Hay muchas causas que explican esta penosa práctica: la falta de oración, la confusión creada tras el concilio, la deficiente selección de los candidatos al sacerdocio, el sempiterno y nocivo buenismo y varias más, pero en este artículo me quiero detener en una: el exceso de corporativismo entre los miembros ordenados y consagrados de la Iglesia.

Todo parte de un mal entendido concepto de fraternidad cristiana. Cristo, en el Evangelio, manda amar al prójimo como a uno mismo, y en eso se conoce que se es su discípulo. Pero este amor no es total ni perfecto si rehúsa a corregir y a reprender al amado. Es entonces cuando se pasa de ser hermanos a ser encubridores.

Se suele decir que los médicos son de los profesionales más corporativistas, en cuanto que un profesional sanitario nunca reconocerá la negligencia de otro. Es su forma de “protegerse” unos a otros, a pesar de que el paciente tenga razón y haya sido víctima de una negligencia médica.

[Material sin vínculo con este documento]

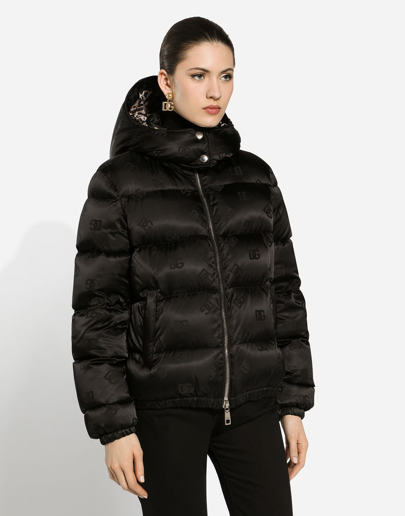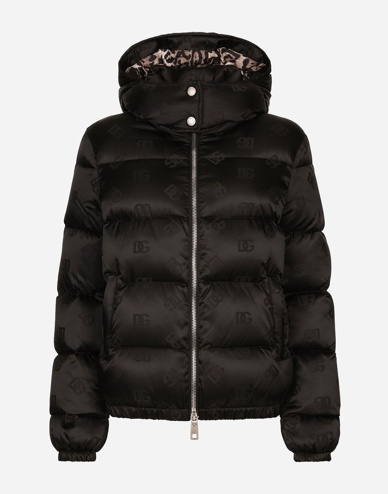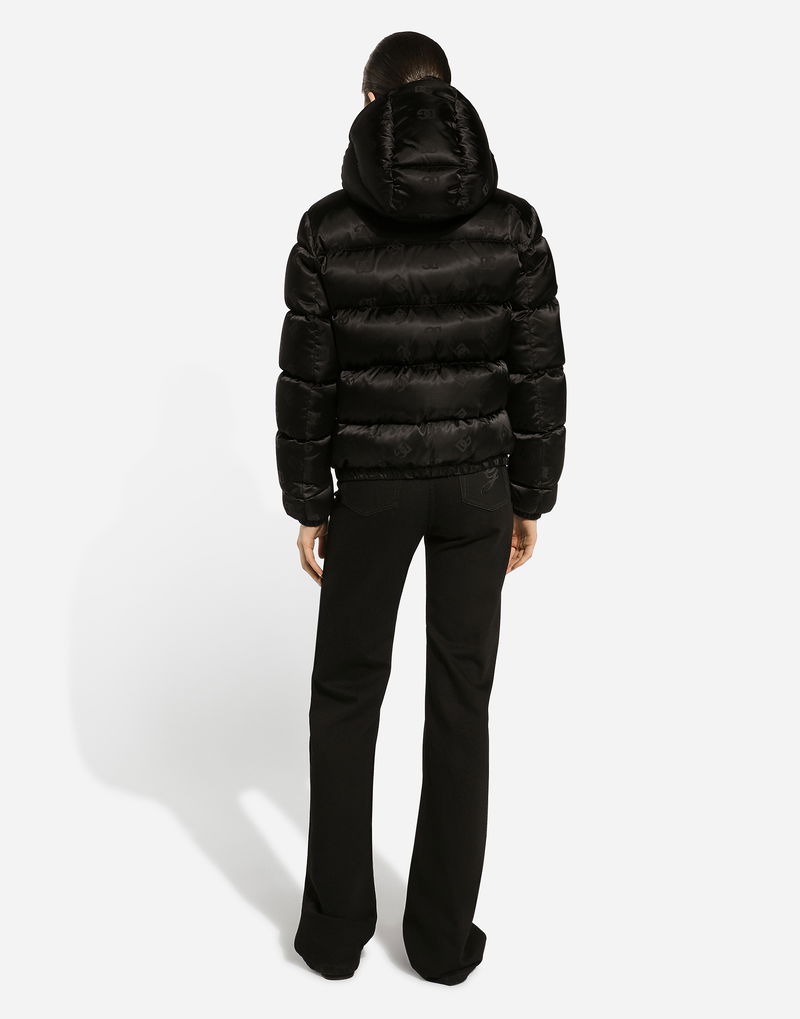 Padded Satin Jacquard Down Jacket With All-over DG Logo
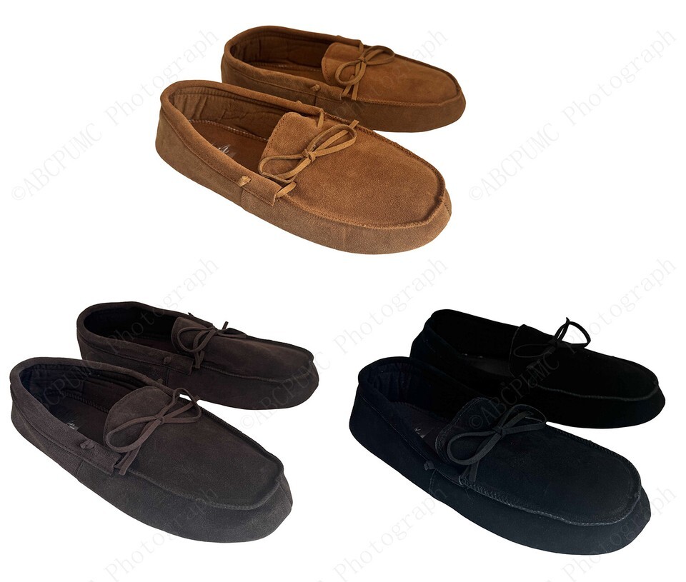 Men's Moccasin Slipper Suede Leather Insulated House Shoes, Sizes: 7-13
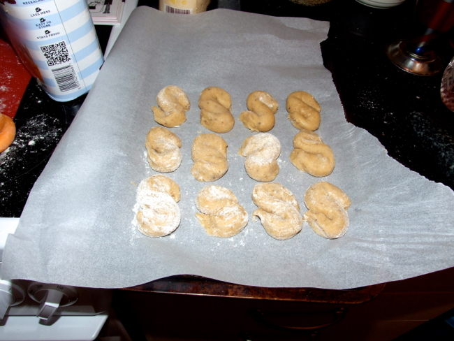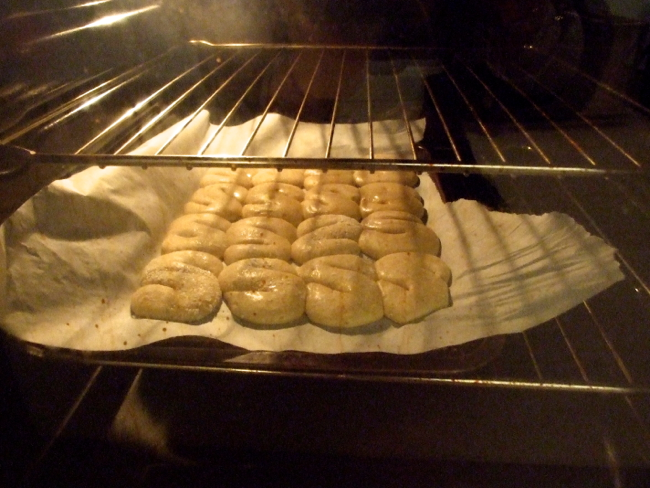 These biscuits are pretty strange. They’re very airy, cake-y, with a similar but softer texture to ladyfingers. I expected them to dry out overnight and go snapping-hard, but they did not. It’s pretty hard dough to handle, a lot wetter than expected, and I had to add several spoonfuls of flour more than the recipe suggested. Maybe my eggs were too big? I always buy large and the recipe doesn’t specify.
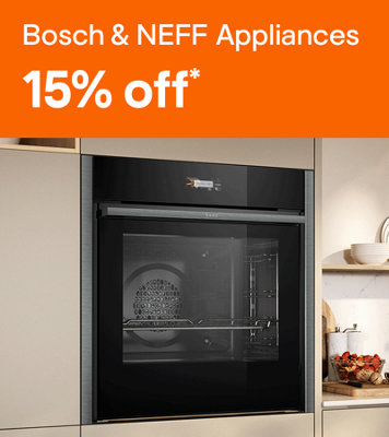 *15% off Bosch & NEFF appliances why you buy a kitchen: Offer ends 2 February 2026. Home delivery restrictions apply, charges may apply. Excludes appliances available in store to take away and products sold and shipped by verified sellers on diy.com. Save 15% off Bosch and Neff appliances when you buy a kitchen. Subject to availability. Discount applies when purchased together with a minimum of 8 kitchen cabinets and 8 kitchen doors in a single transaction.
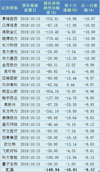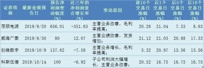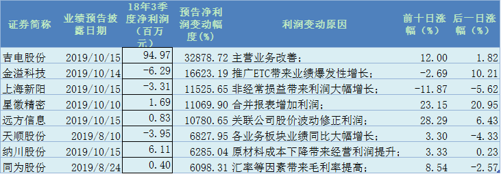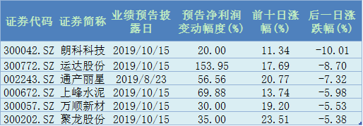 注:业绩披露后不满5/10个交易日,按照披露日当天到10月15日的实际交易日统计;预告净利润变动幅度(%),指的是上市公司披露的预测净利润同比增长上、下限中,取较大绝对值,即:Max[ABS(预告净利润同比增长上限),ABS(预告净利润同比增长下限)],下同;
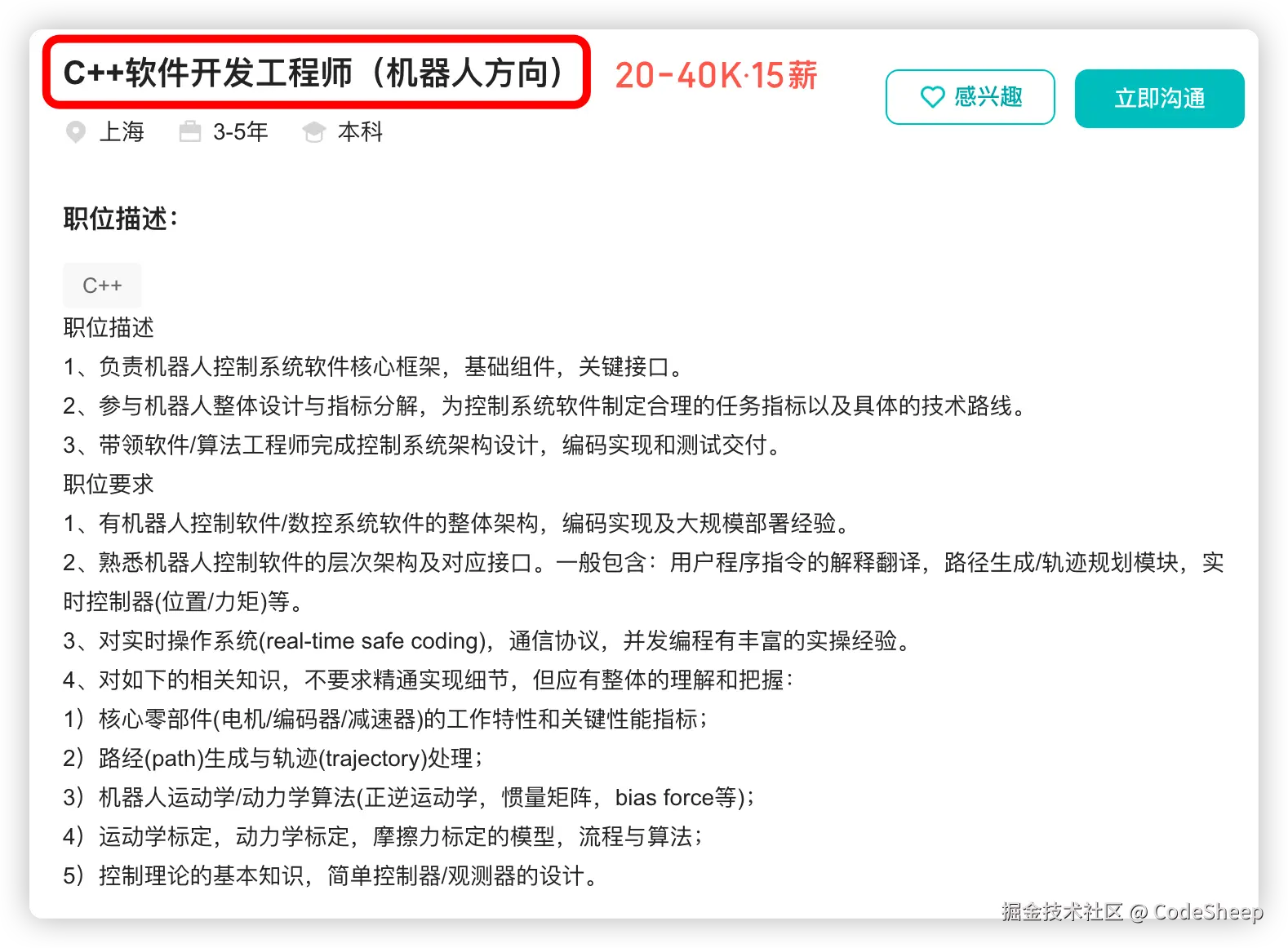 而类似于「C++软件开发工程师」这样的开发类岗位,其所要求的编码经验和工程能力也都是需要与机器人控制、通信协议、控制工程等强相关。
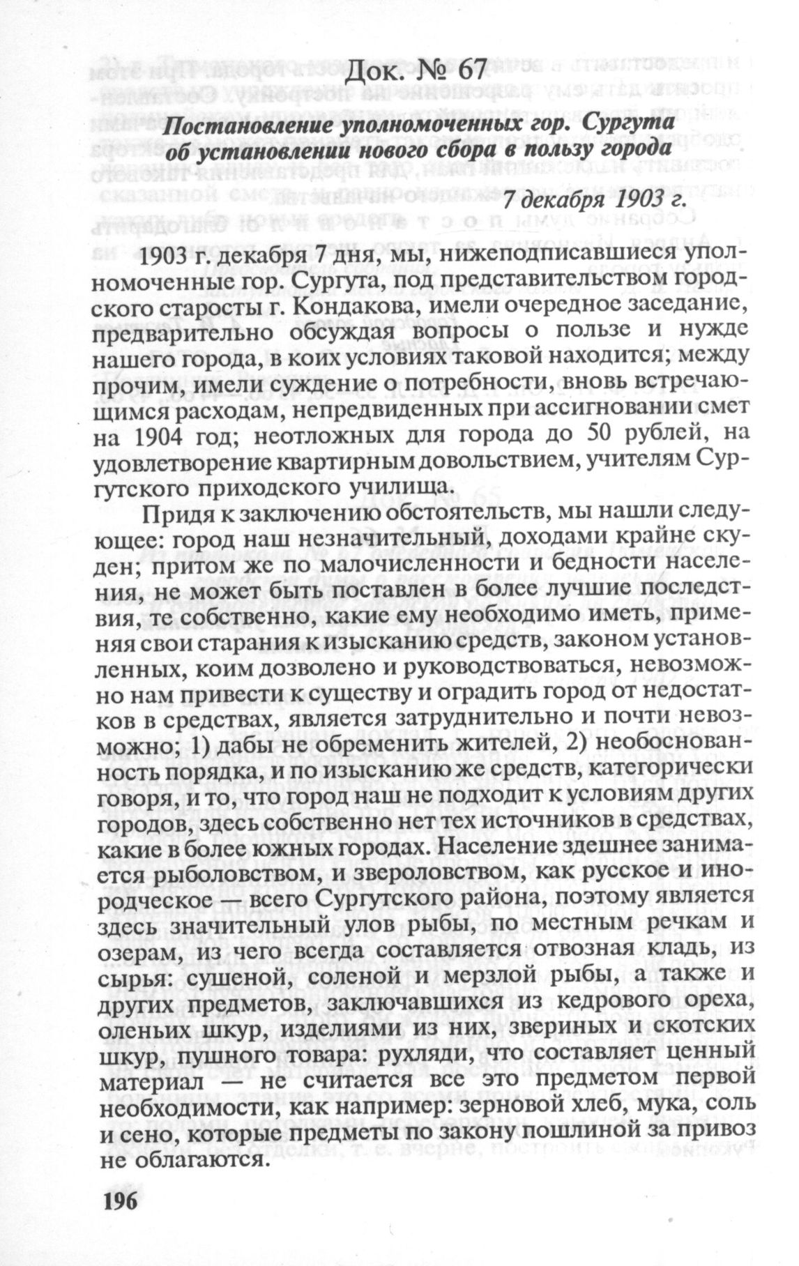 Постановление уполномоченных гор. Сургута об установлении нового сбора в пользу города. 7 декабря 1903 г. // ТФ ГАТО. Ф. 152. Оп. 35. Д. 625. Л. 49—51 об. Заверенная копия. Рукопись.

Miles de personas los denunciaban ante las autoridades eclesiales, y éstas se limitaban a guardar silencio y a cambiar al sujeto de parroquia para que siguiera con sus depravaciones

Sin embargo, me atrevería a decir que, entre los sacerdotes se da un corporativismo aún mayor, debido a esta fraternidad mal entendida. Es significativo comprobar, por ejemplo, que un sacerdote o consagrado casi siempre se fiará antes de otro sacerdote que de un laico. Y esto no corresponde a un deseo sincero de búsqueda de la verdad, sino a un mal entendido espíritu de cuerpo. Inconscientemente, siempre escucharán antes a “uno de los suyos” que a uno de “un escalón inferior”.

Miles de personas denunciaban a los curas corruptos y pederastas de Pensilvania ante las autoridades eclesiales, y éstas se limitaban a guardar silencio y a cambiar al sujeto de parroquia para que continuara con sus depravaciones. Veían en ellos a un sacerdote, “a uno de su casta” al que hay que proteger y disculpar, porque, en el fondo, no es un depredador, un pederasta, un abusador, sino “un hermano que ha caído”, pero al que no se corrige. Se le acoge con misericordia mal entendida, tal vez se le trata de ayudar, pero no se atajan de raíz sus atrocidades.

En ocasiones es difícil convencer a un sacerdote de que un hermano suyo (y más si pertenecen a la misma congregación o diócesis) necesita ayuda psicológica o psiquiátrica. O de que está actuando mal, sin necesidad de llegar a las aberraciones antes descritas. O de que está equivocado. O de que su proceder en un determinado tema no es correcto.

El sacerdote o religiosa en cuestión esquivará el tema, protegerá la actuación de su hermano y mostrará desconfianza hacia lo que dice ese laico. Ése es el corporativismo que tanto daño ha hecho y seguirá haciendo a la Iglesia hasta que no haya obispos y sacerdotes que pierdan el temor a enfrentarse “a uno de los suyos” y atajar el mal sin mirar quién lo comete.